Aim of the task
A verbatim transcript of the data below is required, images omitted.

Recorded information

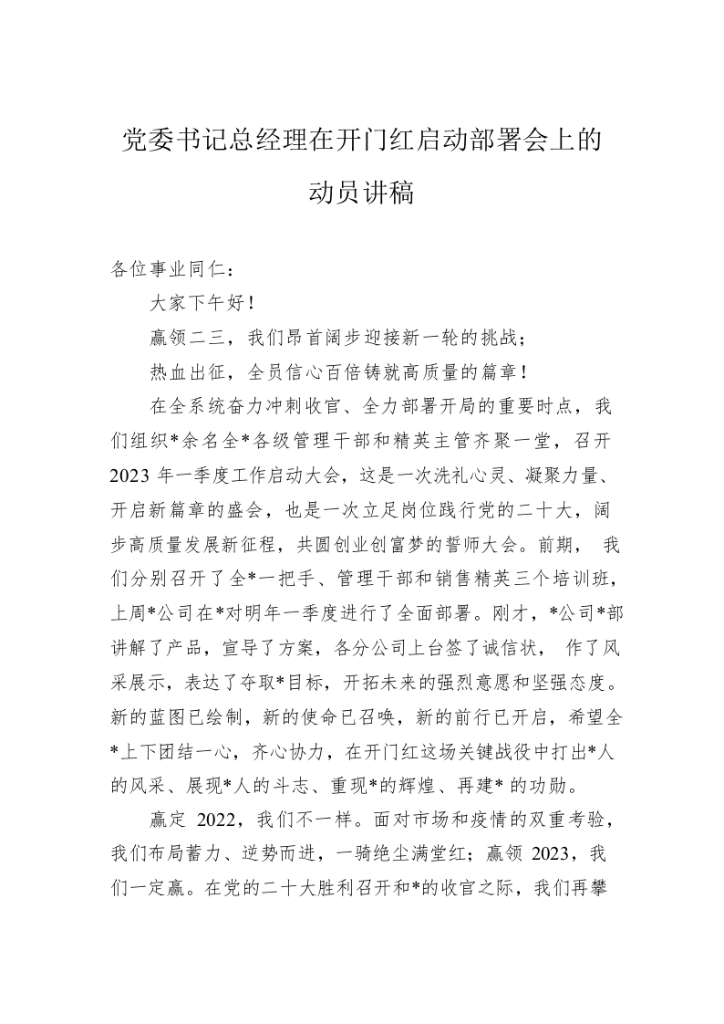 党委书记总经理在开门红启动部署会上的动员讲稿
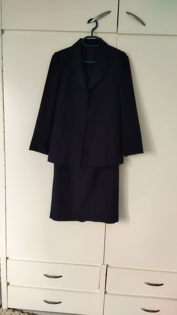 Düğmeli Siyah Midi Kadın Takım Elbise
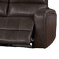 This dual manual recliner sofa is a statement of comfort and durability. Crafted from robust hardwood and metal, it is upholstered in luxurious brown real and vegan faux leather, it exudes sophistication while being easy to maintain. Featuring a double-sided pull tab reclining button motion, each side of the sofa can be adjusted independently. Check out our Elle collection for more options.

Task output
 党委书记总经理在开门红启动部署会上的动员讲稿
 Düğmeli Siyah Midi Kadın Takım Elbise
 This dual manual recliner sofa is a statement of comfort and durability. Crafted from robust hardwood and metal, it is upholstered in luxurious brown real and vegan faux leather, it exudes sophistication while being easy to maintain. Featuring a double-sided pull tab reclining button motion, each side of the sofa can be adjusted independently. Check out our Elle collection for more options.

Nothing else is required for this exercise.